I'll second that study - I read it too and it seemed on the money.

I'll concede that 128kbit might have some artifacts in certain parts of certain songs. I can hear it quite clearly as a digital processed sound on the snares on New Order's Blue Monday. High frequencies, white noise and other near random sound, and sharp attacks such as kick drums or explosions all suffer the most under MP3.

However, firstly, the encoder you use makes a big difference. A recent article on Ars Technica studied the frequency response of various players. While the Fraunhofer encoder reproduced the sound all the way up to 20 or 22KHz (I can't remember exactly), AudioCatalyst and BladeEnc (and another I can't remember) all dropped off at around 16KHz in standard 128kbit mode. People with good hearing can hear these tones directly, but there's plenty of evidence to suggest that the rest of us can still notice if a cymbal is lacking the really high frequencies. Most of this frequency loss went away as you increased the bit rate - the spectrum would return to normal at 160kbit or 192kbit.

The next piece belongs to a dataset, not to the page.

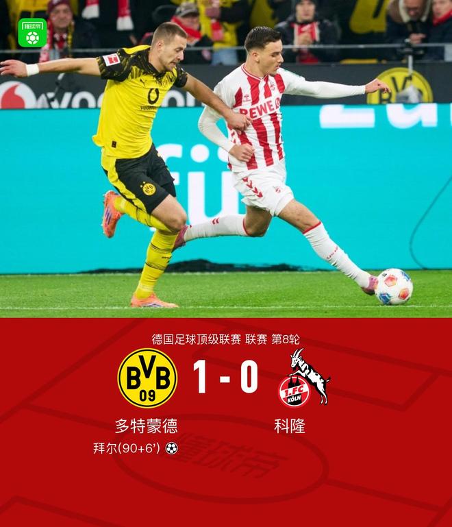 北京时间10月26日,2024-2025赛季德国足球甲级联赛第8轮,多特蒙德坐镇主场迎战科隆。上半场安东禁区推射,皮球高出球门,赛义德-马拉单刀机会,推射打门稍稍偏出,费利克斯-恩梅加弧顶兜射,皮球偏出球门。下半场吉拉西门前劲射,皮球被门将封堵。比赛补时阶段,拜尔禁区后点低射破门完成绝杀。最终凭借此球,多特蒙德以1-0战胜科隆。

Secondly, double blind is the only way to accurately determine real results. I've seen too many 'experts' able to tell the difference between a well encoded JPEG and a TIFF ten times its size when they know which is which, but very few can identify them when they don't know. And hearing is much more subjective - the memory is not very good at remembering precise tones or sound characteristics over time, and by the time you've loaded up that next track you've probably forgotten the exact details of the comparison part you wanted to look at.

Try things out before you commit to someone else's ideas.